### Dataset records

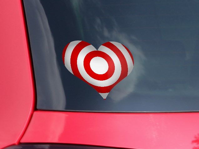 Bullseye Red and White - I Heart Love Car Window Decal 6.5 x 5.5 inches
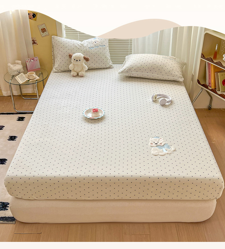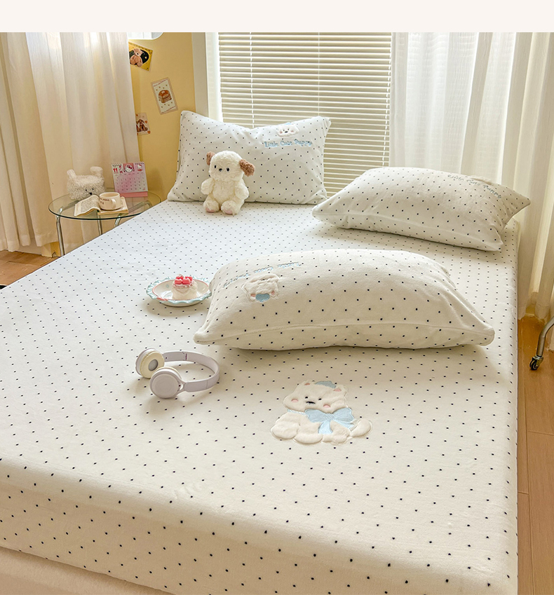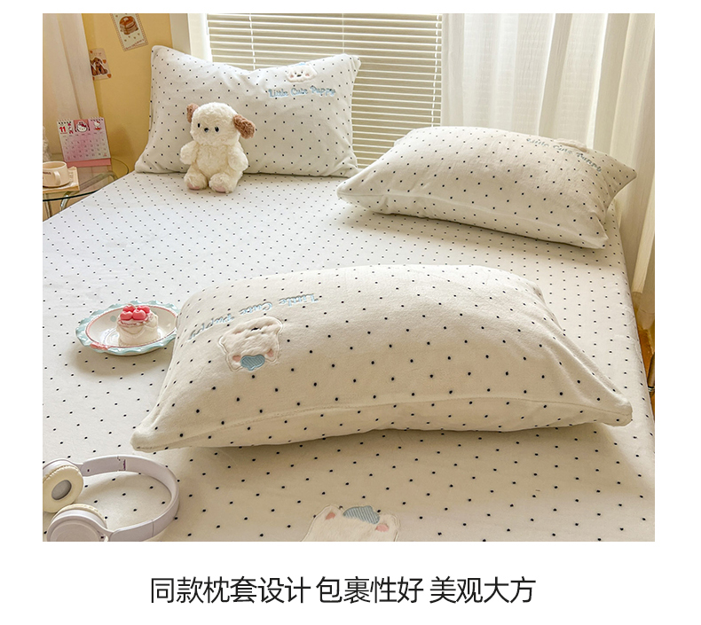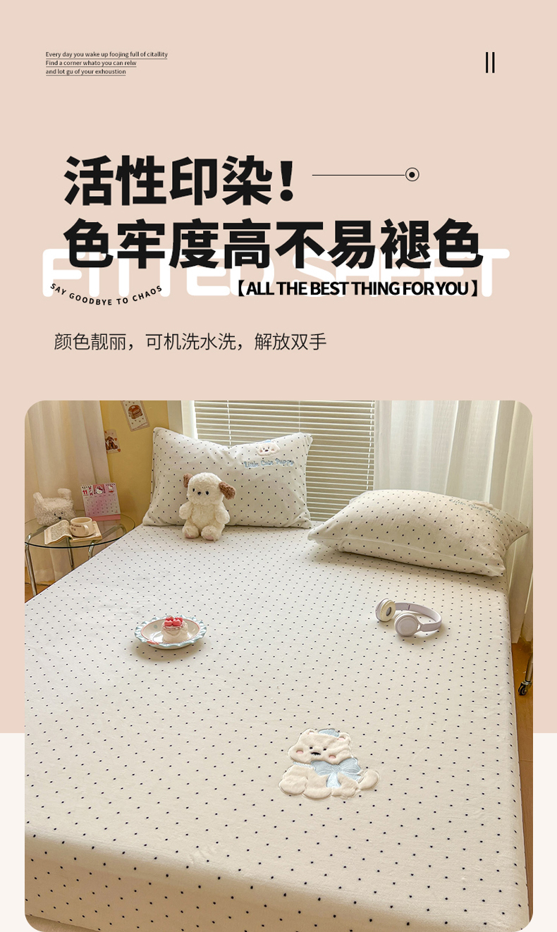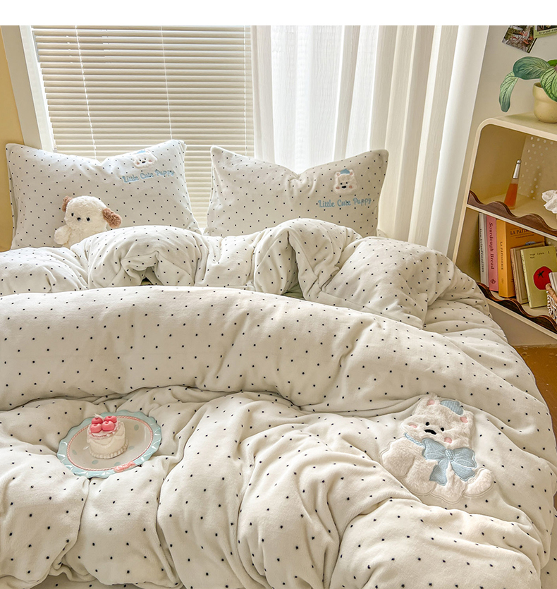 (总)十里居 2026新款韩系牛奶绒兔毛贴布绣床笠三件套四件套,波点小狗蓝,波点小狗白,波点小狗粉,波点小狗咖
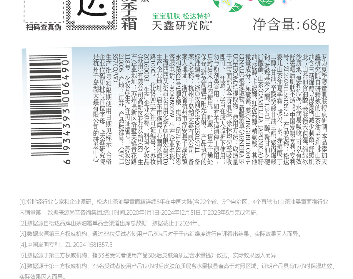 松达婴儿面霜干痒红山茶油宝宝夏季面霜儿童保湿霜补水滋润肌肤护肤品 【重磅新品】夏季霜18g
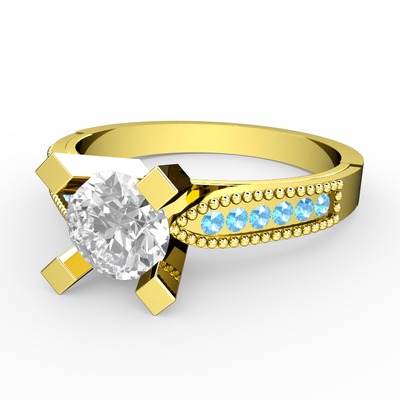 Beyaz zirkon ve akuamarin 925 ayar altın kaplama gümüş yüzük
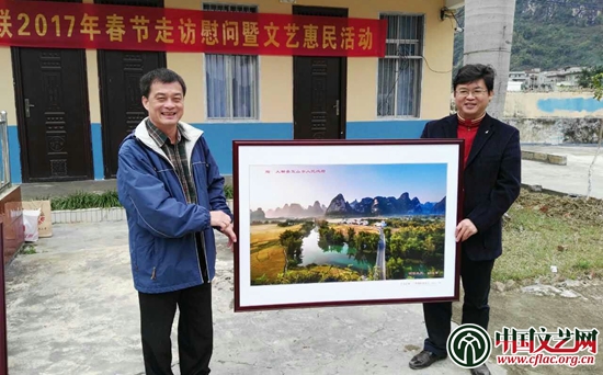 1月20日,广西文联组织文艺志愿者深入大新县五山乡三合村、天水社区开展了以送摄影作品、送春联和拍摄全家福为内容的春节走访慰问活动,为山区群众送去了温暖和新春祝福。
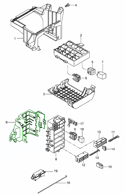 - Relais: Fungieren als elektrische Schalter, die die Stromversorgung wichtiger Komponenten wie Kühlerlüfter, Kraftstoffpumpe, Scheinwerfer und Zündsystem steuern.
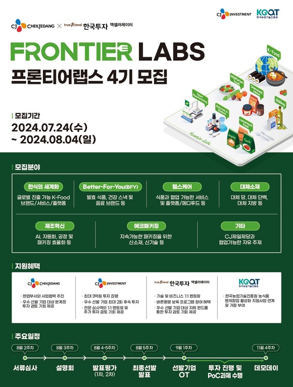 CJ제일제당, '프론티어 랩스 4기' 모집…스타트업 지원 체계 강화
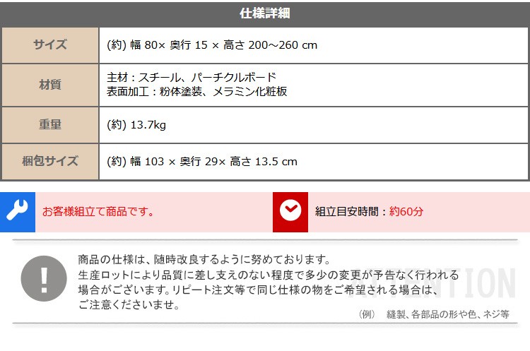 80x15x200〜260cm
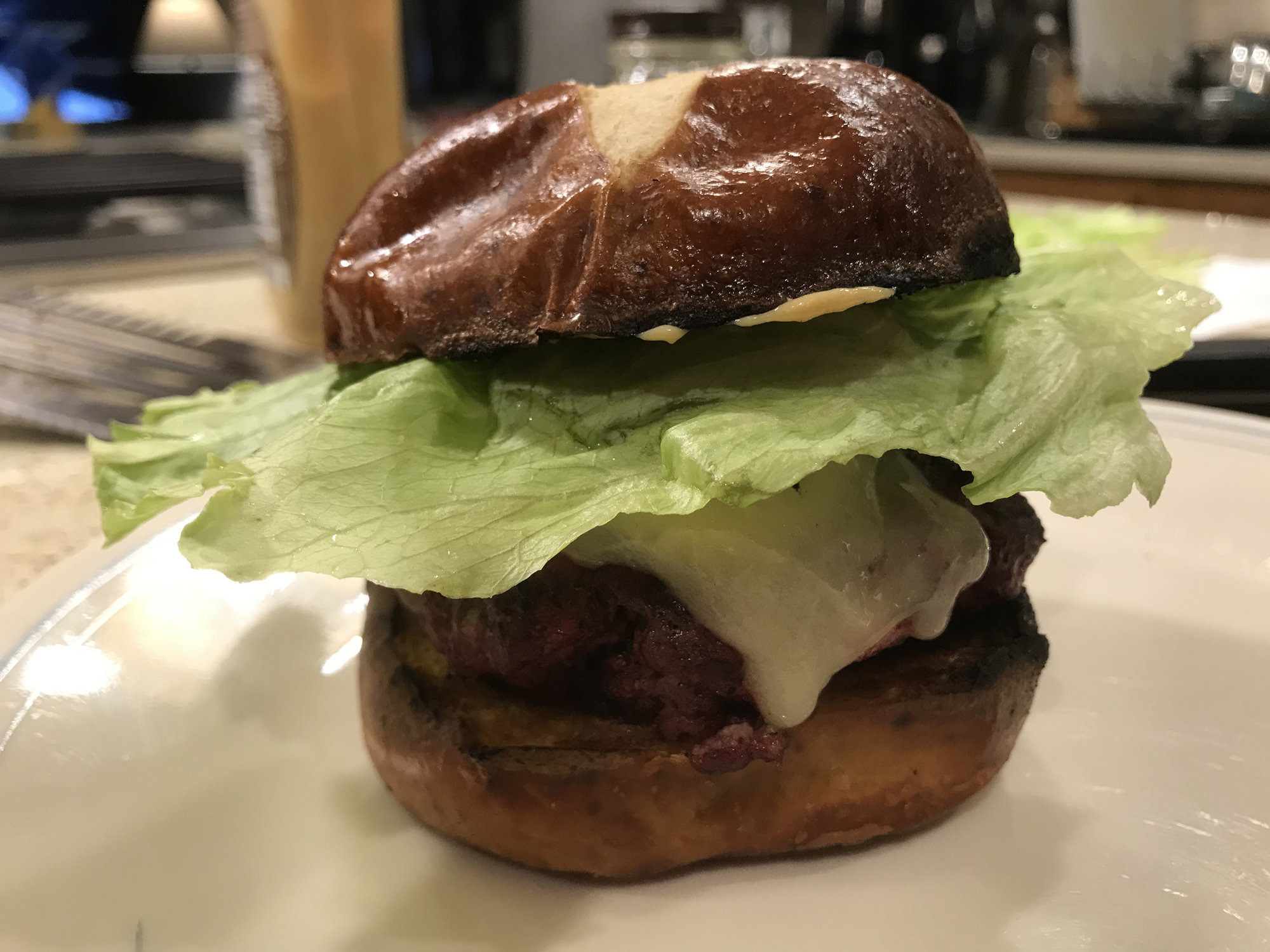 It was definitely different.  My wife and I absolutely loved it.  It had a sweet taste, obviously.  I hit the temp dead on medium.  The combination of the fresh grilled pretzel bun, nutmeg in the meat, perfect temp, and grilled apple made for a really different flavor.  I'm pretty good at burgers (as I'm sure I'm not alone here) so when I go out to eat, I rarely find a burger that really hits the mark.  That said, however, I typically stay in my comfort zone when I make them at home.  The typical: bacon, fried egg, mushrooms, lettuce, tomatoes, etc.  This was outside of that normal comfort zone given the flavors added here.  But it was great!  Oh, and just to add, that was 1 tsp. nutmeg in just over a pound of 80/20.  Not overwhelming - just complimentary.
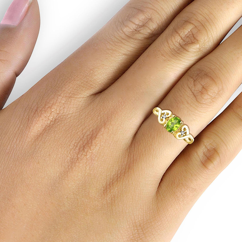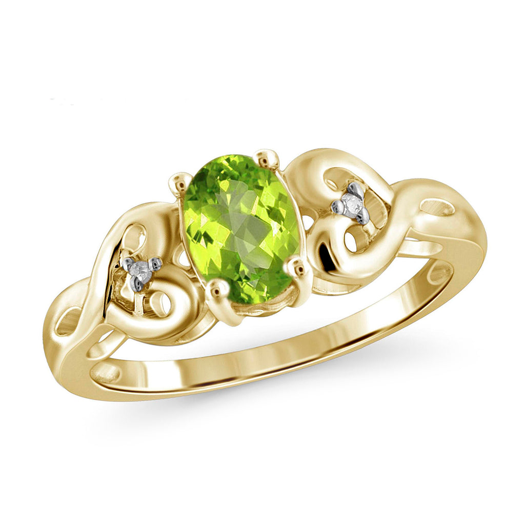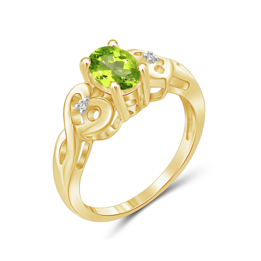 0.82 Carat T.G.W. Peridot Gemstone and Accent White Diamond 14K Gold-Plated Ring
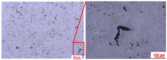TWPs can be distinguished by their dark/black color and cylindrical/elongated fragments with rough surface texture or jagged edges [26,47]. Here, TWPs on the filters were visually inspected using a Stemi 508 stereomicroscope equipped with an Axiocam 105 color digital camera (Carl Zeiss, Jena, Germany). Stereomicroscopic images were taken at 30–95× magnification with LED intensity set between 60 and 66 and a resolution of 1.5 µm (See Figure 2). The images were processed by ImageJ (https://imagej.net/ij/) (NIH-LOCI, University of Wisconsin, Madison, WI, USA) for automated particle counting and sizing as described elsewhere [23]. A light intensity threshold of 200 was used to remove non-dark objects, as bright or colored particles are mostly geogenic, biogenic, or non-TWPs. Because the samples were prepared using a 30 µm screen, only particles >30 µm in size were counted; TWPs smaller than this cutoff are generally difficult to distinguish visually [24].
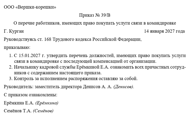 - с такого-то числа утвердить перечень работников, имеющих право покупать услуги связи в командировке (Приложение №1);
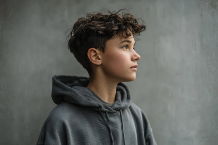 Young person in grey hoodie standing in side profile against a textured wall with a thoughtful expression during a calm afternoon
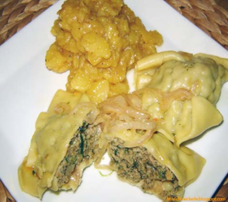 Die perfekte Symbiose ergibt der Kartoffelsalat mit geschmälzten Maultaschen. Des Schwaben kleiner, kulinarischer Glücksmoment!
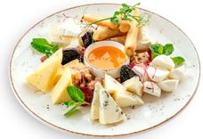 322 г • Сыр твёрдый, камамбер, сыр мягкий с голубой плесенью, моцарелла, виноград, мёд, миндаль, чернослив, грецкий орех, хлебные палочки
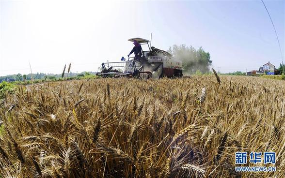 5月23日,在湖北省襄陽市襄城區(qū)尹集鄉(xiāng)尤河村,農(nóng)民駕駛農(nóng)機(jī)收割小麥。新華社發(fā)(安富斌 攝)
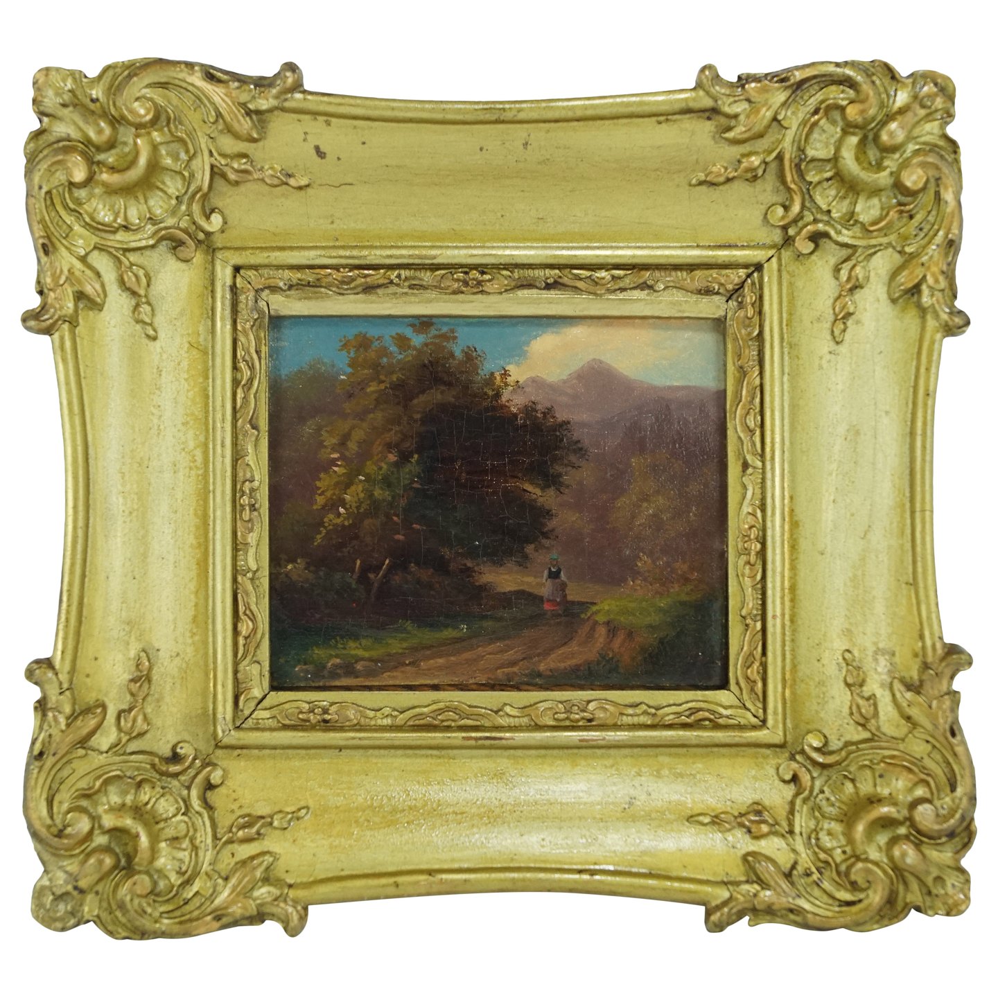 Par oliemalerier, malet på træ. Usigneret, omkring 1870. Lysmål: H. 8,2 cm. B. 10,2 cm. Med ramme: H. 19 cm. B. 20,5 cm.

######

*Exercise*:
Pictures aside, return exactly the lines from the data above, starting at the line that has "CJ제일제당, '프론티어 랩스 4기' 모집…스타트업 지원 체계 강화" and ending at the line that has "0.82 Carat T.G.W.", both included.

*Exercise solution*:
 CJ제일제당, '프론티어 랩스 4기' 모집…스타트업 지원 체계 강화
 80x15x200〜260cm
 It was definitely different.  My wife and I absolutely loved it.  It had a sweet taste, obviously.  I hit the temp dead on medium.  The combination of the fresh grilled pretzel bun, nutmeg in the meat, perfect temp, and grilled apple made for a really different flavor.  I'm pretty good at burgers (as I'm sure I'm not alone here) so when I go out to eat, I rarely find a burger that really hits the mark.  That said, however, I typically stay in my comfort zone when I make them at home.  The typical: bacon, fried egg, mushrooms, lettuce, tomatoes, etc.  This was outside of that normal comfort zone given the flavors added here.  But it was great!  Oh, and just to add, that was 1 tsp. nutmeg in just over a pound of 80/20.  Not overwhelming - just complimentary.
 0.82 Carat T.G.W. Peridot Gemstone and Accent White Diamond 14K Gold-Plated Ring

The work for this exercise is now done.